• What to work on: For the entries that follow, retype exactly the lines from the one containing "Die Rahmenhöhe beträgt" to the one containing "在所有變電站中,所有與高壓導", inclusive, and only those. Images stay out of the copy.

• Entries supplied:

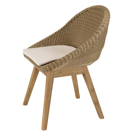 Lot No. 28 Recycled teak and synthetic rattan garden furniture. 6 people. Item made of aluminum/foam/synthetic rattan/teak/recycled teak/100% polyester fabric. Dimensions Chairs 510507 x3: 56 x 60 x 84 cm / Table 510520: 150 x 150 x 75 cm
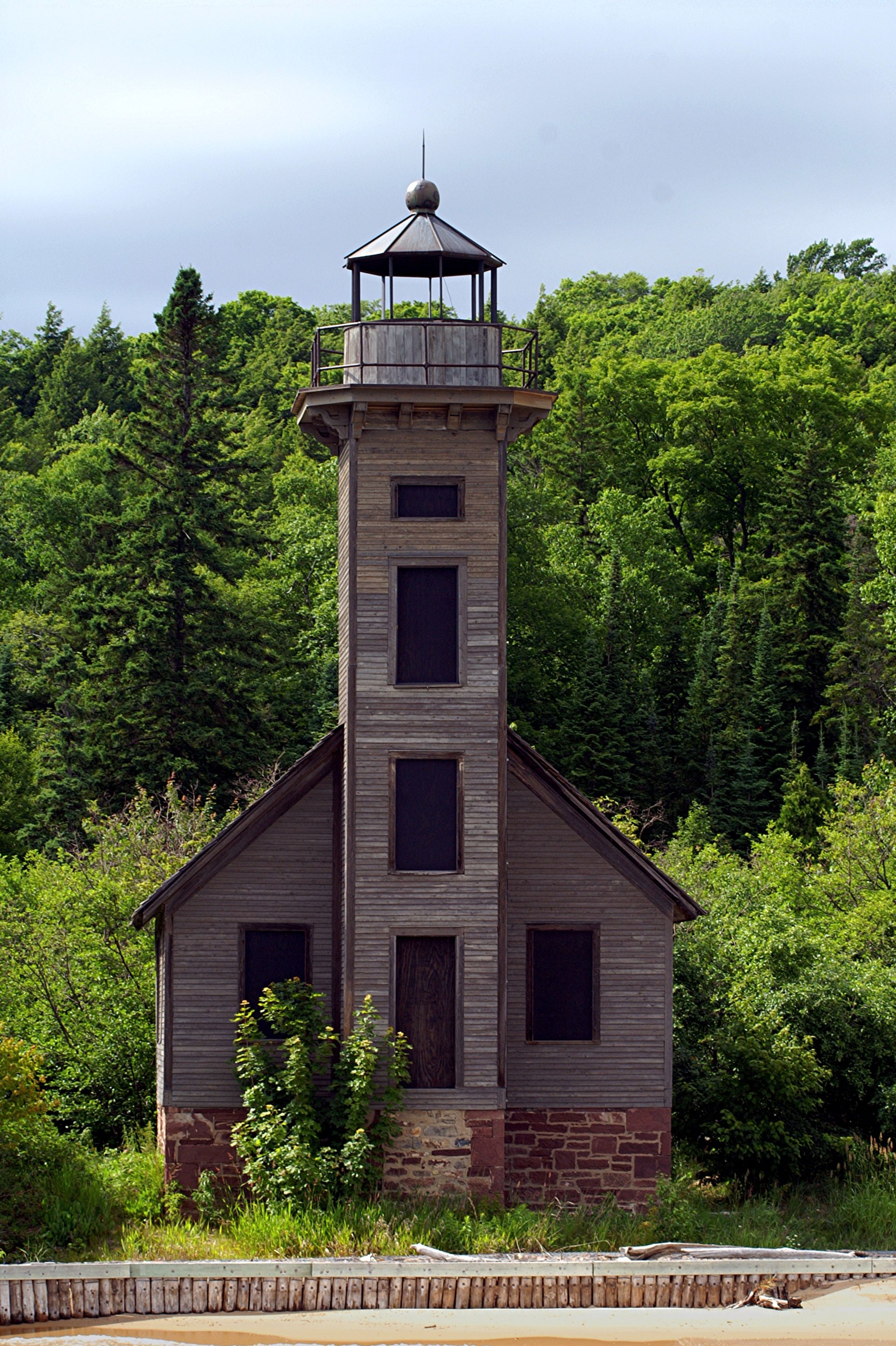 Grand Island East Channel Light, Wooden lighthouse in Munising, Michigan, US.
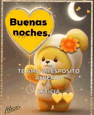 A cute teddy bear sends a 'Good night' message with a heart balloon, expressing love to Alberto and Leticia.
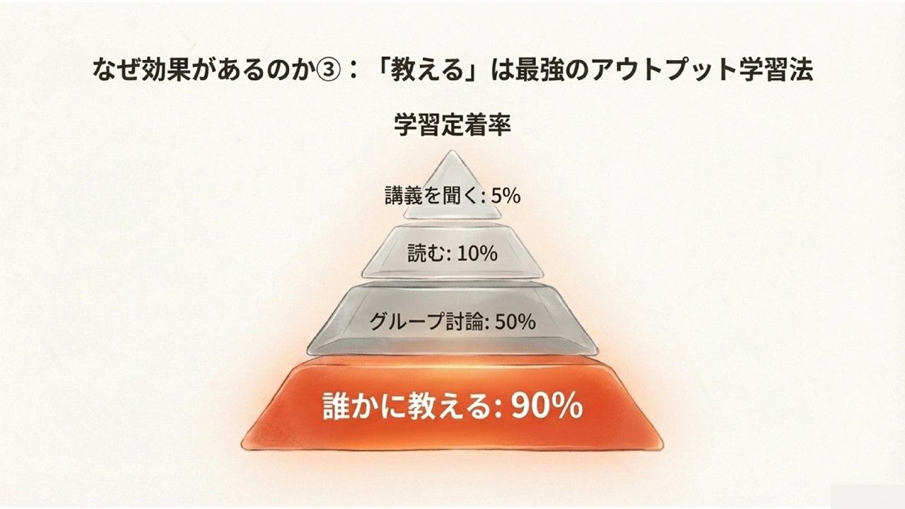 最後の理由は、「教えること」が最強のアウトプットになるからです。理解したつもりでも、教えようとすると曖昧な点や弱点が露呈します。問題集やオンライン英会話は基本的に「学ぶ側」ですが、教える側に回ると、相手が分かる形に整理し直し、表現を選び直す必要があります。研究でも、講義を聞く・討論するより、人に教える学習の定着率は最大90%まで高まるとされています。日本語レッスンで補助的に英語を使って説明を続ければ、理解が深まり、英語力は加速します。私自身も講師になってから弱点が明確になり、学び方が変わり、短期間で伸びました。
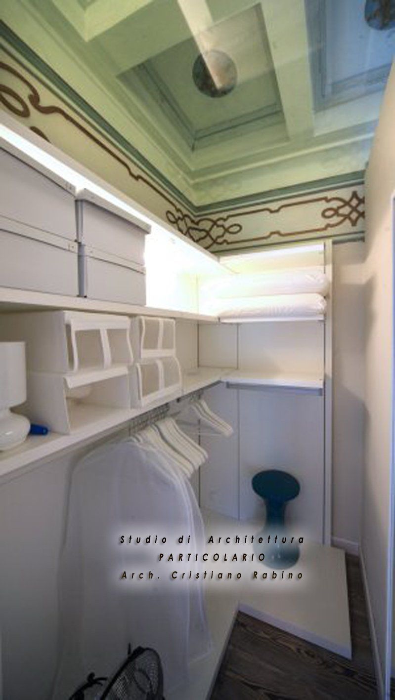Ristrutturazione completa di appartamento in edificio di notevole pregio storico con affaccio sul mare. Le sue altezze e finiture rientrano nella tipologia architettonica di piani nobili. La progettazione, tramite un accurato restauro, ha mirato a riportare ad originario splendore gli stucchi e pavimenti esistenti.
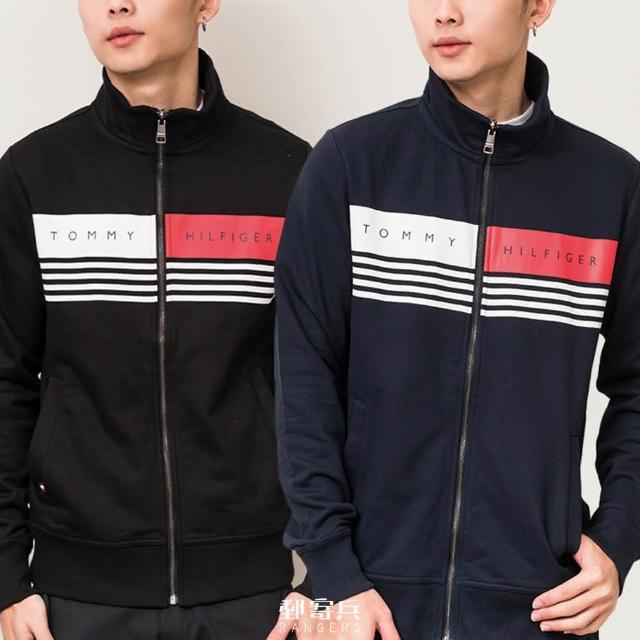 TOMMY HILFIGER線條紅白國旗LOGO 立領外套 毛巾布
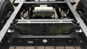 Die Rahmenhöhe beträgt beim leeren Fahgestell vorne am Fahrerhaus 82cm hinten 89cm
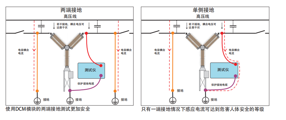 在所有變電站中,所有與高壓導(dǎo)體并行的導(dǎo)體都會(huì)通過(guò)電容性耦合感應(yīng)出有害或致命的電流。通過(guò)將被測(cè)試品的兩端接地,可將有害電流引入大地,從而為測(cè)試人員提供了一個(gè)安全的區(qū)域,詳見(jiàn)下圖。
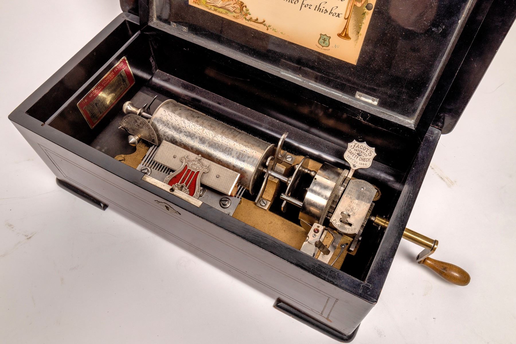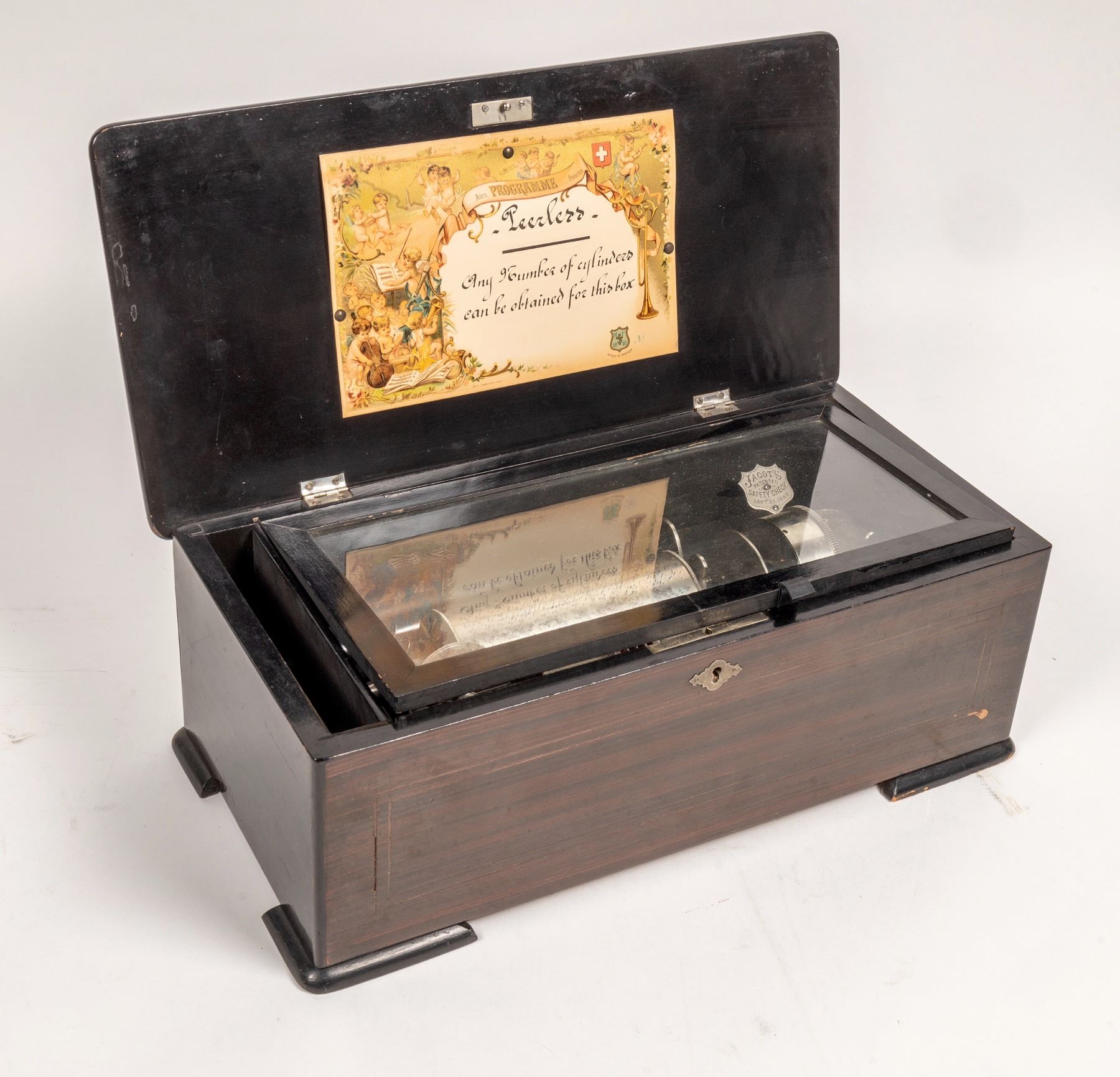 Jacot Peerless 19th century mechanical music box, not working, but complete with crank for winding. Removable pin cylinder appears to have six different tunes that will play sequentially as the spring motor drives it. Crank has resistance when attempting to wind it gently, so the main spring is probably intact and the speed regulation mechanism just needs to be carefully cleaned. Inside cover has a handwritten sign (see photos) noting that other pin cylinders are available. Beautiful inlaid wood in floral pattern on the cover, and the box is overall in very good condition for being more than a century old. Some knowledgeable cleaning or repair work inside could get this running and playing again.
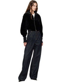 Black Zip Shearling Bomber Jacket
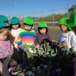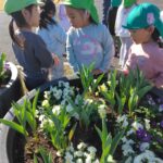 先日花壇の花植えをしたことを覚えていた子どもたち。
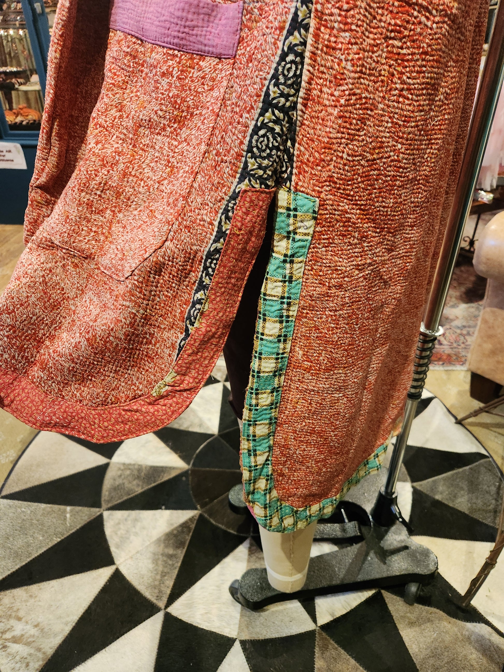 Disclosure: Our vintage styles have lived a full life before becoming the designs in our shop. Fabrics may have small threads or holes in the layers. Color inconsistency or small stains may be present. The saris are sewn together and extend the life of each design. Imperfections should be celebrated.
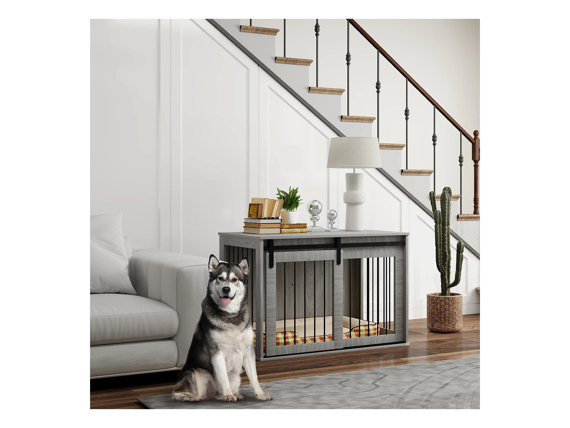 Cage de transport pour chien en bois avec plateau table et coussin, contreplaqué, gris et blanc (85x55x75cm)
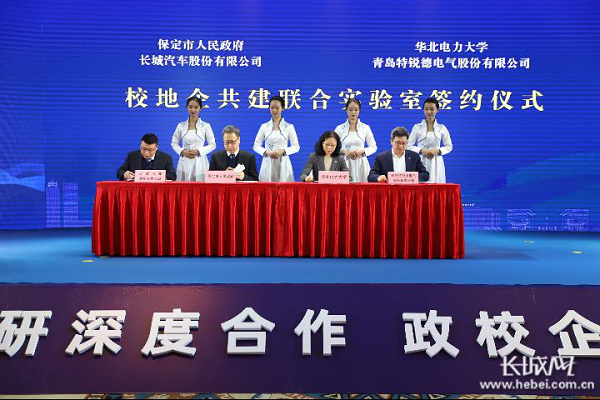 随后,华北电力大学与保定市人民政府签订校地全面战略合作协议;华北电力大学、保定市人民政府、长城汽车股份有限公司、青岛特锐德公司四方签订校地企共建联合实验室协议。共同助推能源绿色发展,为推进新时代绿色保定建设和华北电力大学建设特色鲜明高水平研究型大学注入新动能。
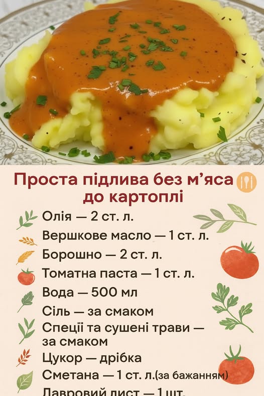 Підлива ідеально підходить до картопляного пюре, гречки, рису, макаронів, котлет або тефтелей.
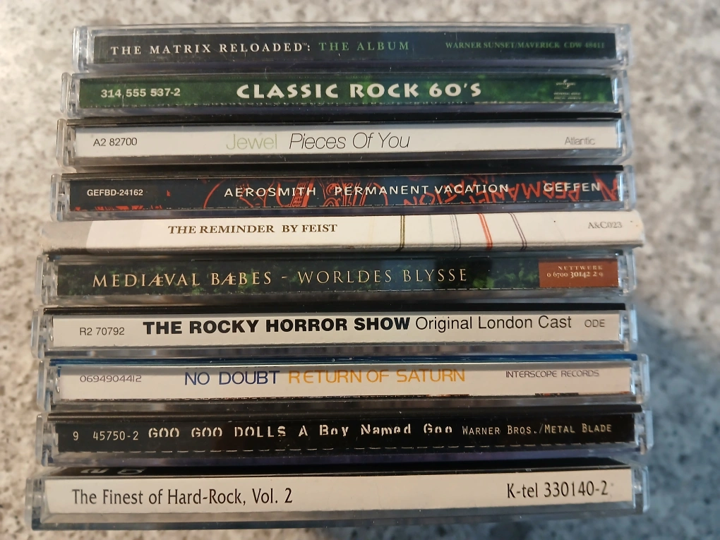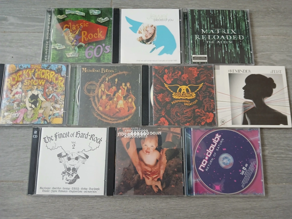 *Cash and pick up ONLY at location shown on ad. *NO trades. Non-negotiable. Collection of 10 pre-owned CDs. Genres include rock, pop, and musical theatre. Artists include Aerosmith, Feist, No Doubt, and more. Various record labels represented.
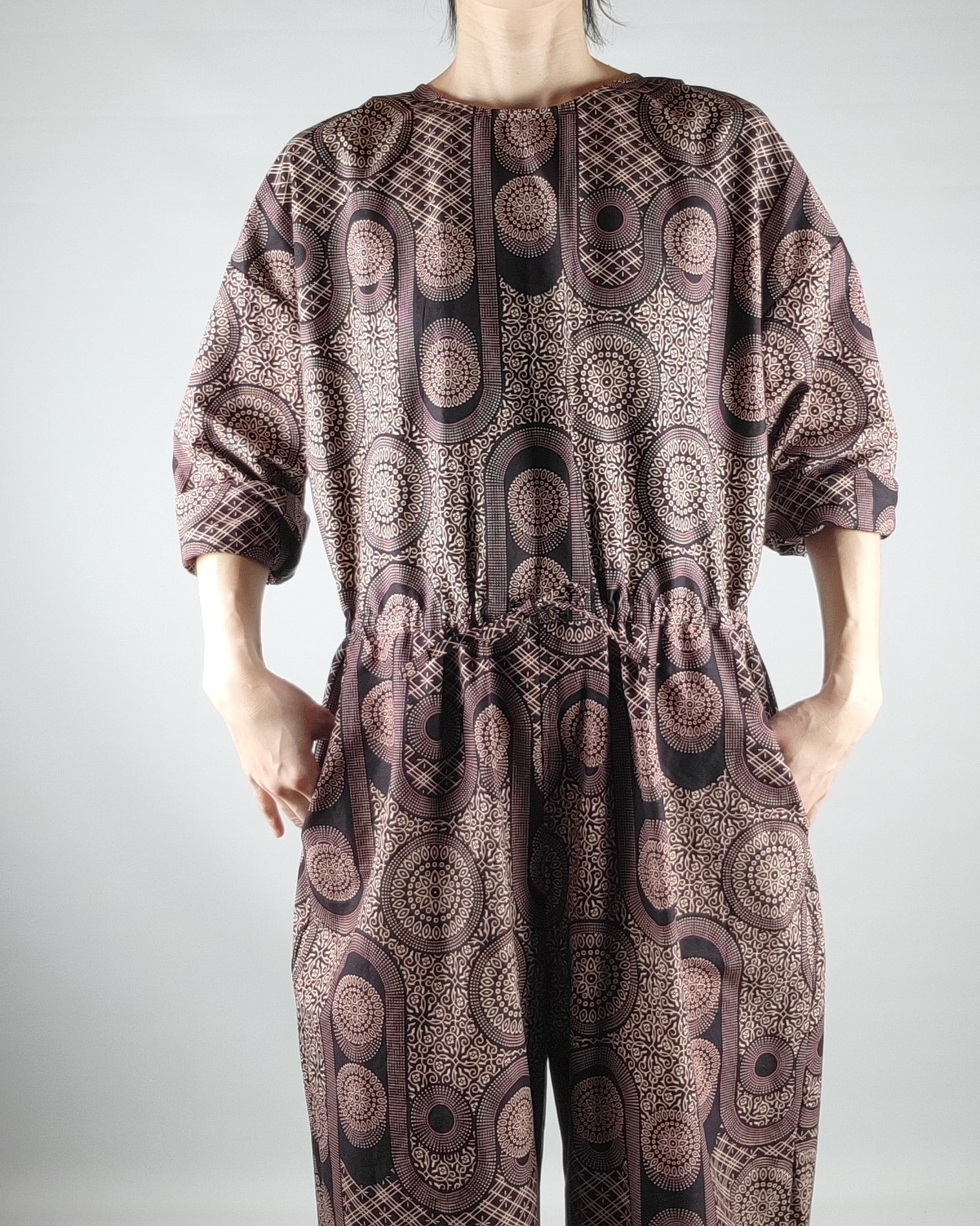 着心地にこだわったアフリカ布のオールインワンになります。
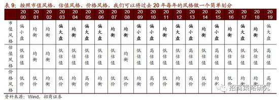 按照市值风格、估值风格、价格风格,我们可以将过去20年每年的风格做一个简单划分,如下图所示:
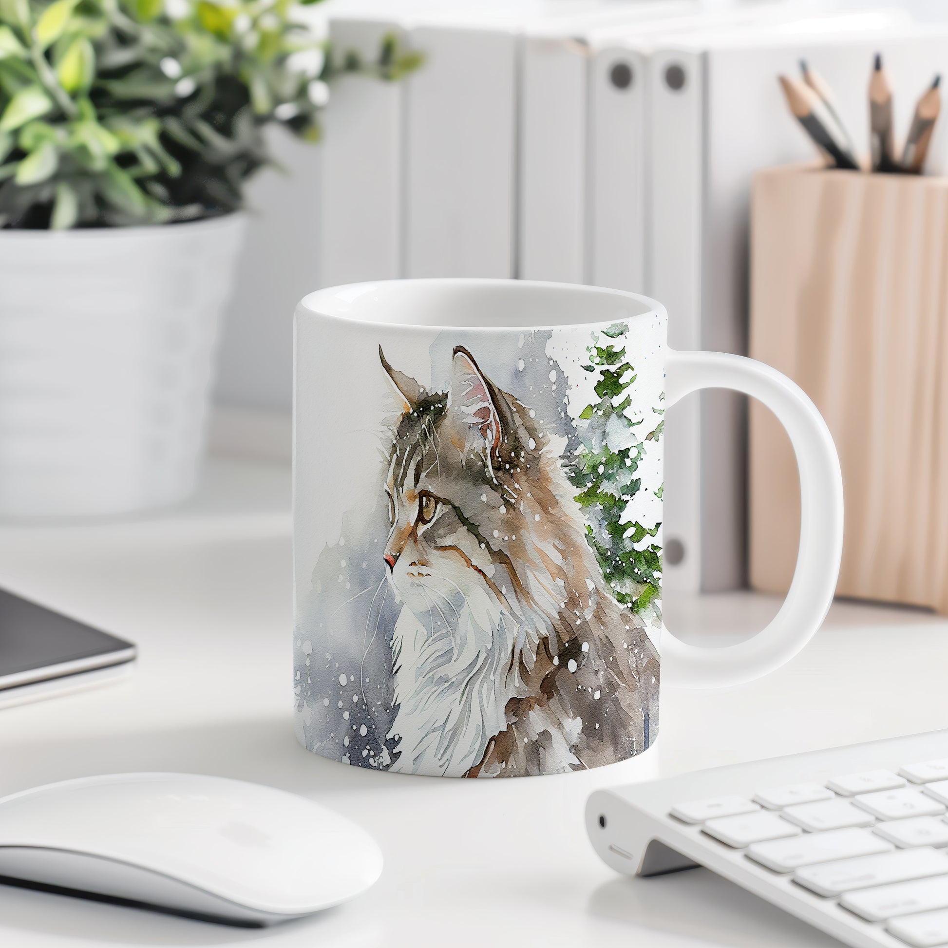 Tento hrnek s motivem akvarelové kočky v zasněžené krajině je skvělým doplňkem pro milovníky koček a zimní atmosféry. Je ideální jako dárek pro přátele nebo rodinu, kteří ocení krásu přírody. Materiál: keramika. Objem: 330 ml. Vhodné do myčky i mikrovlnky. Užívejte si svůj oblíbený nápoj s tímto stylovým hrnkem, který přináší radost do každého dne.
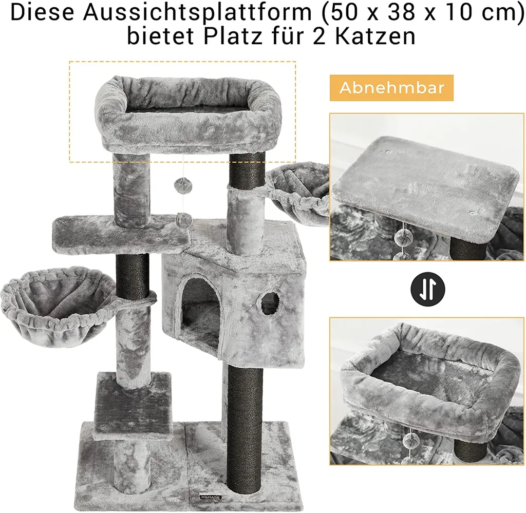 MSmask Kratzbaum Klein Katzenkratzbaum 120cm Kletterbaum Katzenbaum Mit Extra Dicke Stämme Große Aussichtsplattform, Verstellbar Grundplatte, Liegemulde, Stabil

• Response to the task:
 Die Rahmenhöhe beträgt beim leeren Fahgestell vorne am Fahrerhaus 82cm hinten 89cm
 在所有變電站中,所有與高壓導(dǎo)體并行的導(dǎo)體都會(huì)通過(guò)電容性耦合感應(yīng)出有害或致命的電流。通過(guò)將被測(cè)試品的兩端接地,可將有害電流引入大地,從而為測(cè)試人員提供了一個(gè)安全的區(qū)域,詳見(jiàn)下圖。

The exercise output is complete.